Figure 2 Common Process Diagram cross-domain

2.1 METHODS AND TOOLS ALLOCATION

A set of methods and tools have been selected by the partners as relevant for RECOMP project as part of the

different tool-chains supporting the development and certification life-cycles. A brief description and their

applicability is show below.

Medini analyze toolset is semi-automatic and its final output (safety analysis) is produced with supervision of human

experts. Therefore its qualification won’t be required as the output is reviewed. It provides many analysis methods

(Hazard List, Risk Graph, Fault Tree Analysis, Failure Mode and Effects Analysis) and it is therefore suitable for various

phases of the safety assessment process. Even with further automation the toolset won’t require qualification in

aerospace, since its outputs are not part of the airborne software. It will determine safety levels for each applications

and potentially identify which requirements are safety critical – and this information is subject to certification

authority agreement anyway, no matter what tools are used.

Assurance Case Editor supporting the system/component safety case definition according GSN (Goal Structuring

Notation) notation with modular construction extension and GSN Pattern Library function. This tool takes care about

notation, is supervised by humans and is not producing software related data, so its qualification is not required.

Run-time monitoring for multicore SoCs is a method usable in cases when a bus is shared by both critical and non-

critical applications. It can protect the critical application from being blocked by the non-critical one(s). It has been

already used on IP cores, which are described using HDL languages and which can be synthesized based on FPGAs or

ASICs. It is actually an architectural method, not a tool, so qualification does not apply. Instead, the certification costs

will consist of method specification in planning documents which are subject to certification authority approval.

Multi-core Periodic Resource Model is a powerful method to address timing aspects of multi-core processing. It can

guarantee a sufficient periodic resource allocation from the multi-core platform to a component, and capture the

timing properties of components (to support WCET measurement). It could also support modular certification (widely

used when certifying integrated modular avionics according to DO-297). A disadvantage of using this tool could be

the qualification cost. If used for WCET measurement only, it would be sufficient to qualify it as a verification tool,

but using its temporal partitioning capabilities will make it a development tool with the more strict requirements for

qualification. Partitioning scheme is considered part of the software, similarly to the entire operating system.

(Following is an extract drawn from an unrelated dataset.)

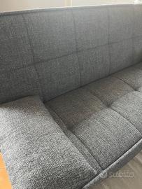 divano letto che unisce la praticità di un comodo divano all'utilità di un letto, rendendolo perfetto per spazi ridotti o per ospitare amici e parenti durante la notte. Il divano letto 3 posti è dotato di meccanismo clic clac che lo trasforma da divano a letto in 3 semplici mosse. Rivestimento in tessuto grigio. Misure divano: L.190 P.90H.95cm. Dimensioni letto aperto L.190 P.110 cm

AccuRev is a configuration and issue management tool. Such tools are not subject to qualification (they are used

neither to produce software nor detect errors in it) and there is no difference in the tool suitability analysis between

multi-core and existing single-core systems. Recommendations regarding its use are therefore out of scope of

RECOMP. However, since it can encapsulate all project data (requirement documents, code, executables, tests,

review records, problem reports, trace data, and process documents) at one place, it is likely to be one of the best

choices for configuration management.

Reqtify is able to provide full traceability analysis (between requirements and code as well as requirements and

tests). An analysis if all requirements have been tested, if all of them are implemented and on the other hand there is

no extra code, is part of verification required by DO-178B and therefore the tool is qualified as a DO-178B verification

tool (which has been already used in Airbus A340 and A380 projects). Its limitation is that it expects Word or PDF

documents at input – further flexibility could be achieved by enhancing the tools with a capability to operate upon

the database environment. There is some cost associated with its qualification, but lower than other tools, since the

way to qualify it has been already passed several times and the knowledge could be reused.

[ARTEMIS JU RECOMP] [Deliverable 2.5 “Guidelines for developing certifiable systems and integration with existing tool flows”]

12

Code Collaborator is a review tool and as such neither produces software nor verifies it, and is therefore not

associated with any qualification cost. It allows smooth review process especially together with AccuRev

configuration management, since these two tools are integrated and support each other well.

PR-QA is a code analyzer that enforces coding standards (both known industry accepted and user defined). If used

only as a helper to reviewers, qualification won’t be needed, if the code review is omitted by using the tool (this is

not the current situation as the tool cannot verify compliance with requirements), it will require qualification as a

verification tool. Use of such tool is recommended as an additional activity to code reviews, since human reviewers

often overlook coding standard violations. By eliminating risky coding, the code is more likely to be correct.

VectorCAST is one of the well known and widely used (including avionics domain) tool to measure structural

coverage and to provide environment for unit testing (test harness). Since it automatically identifies untested code, it

is expected to undergo verification tool qualification. Its advantage to competitors in this area is the integration with

Reqtify – together they provide not just structural coverage data, but also information that every line of code is

tested by a test based on a requirement.

The Lime Concolic Tester (LCT) is a tool to automatically create test vectors that provide high structural coverage and

provides an environment for unit testing. LCT has been developed by RECOMP partner Aalto. During the RECOMP

project TRT-UK has worked with Aalto to help guide their development and support the testing of the LCT. The LCT is

based on dynamic symbolic execution (also called Concolic testing). Concolic testing is a novel new test generation

method that combines randomized testing with symbolic execution using constraint solver technology.

Under RECOMP the LCT has been extended to run on C++ and has been extended to accept test case seeding.

Seeding of the test cases is the ability to provide the LCT with valid inputs in order to enable the LCT to drive the

inputs to the software under test. Seeding enables the user to seed the LCT with vectors that structurally cover the

code.

For development LCT can be used to help with testing.

For verification, the LCT needs to be used with a tool that automatically identifies the code coverage of the test

vectors produced by the LCT. Currently the LCT is provided with the open source tool LCOV to verify the results. In

the context of certification, the coverage tool used with LCT will need to be qualified as a DO-178B verification tool.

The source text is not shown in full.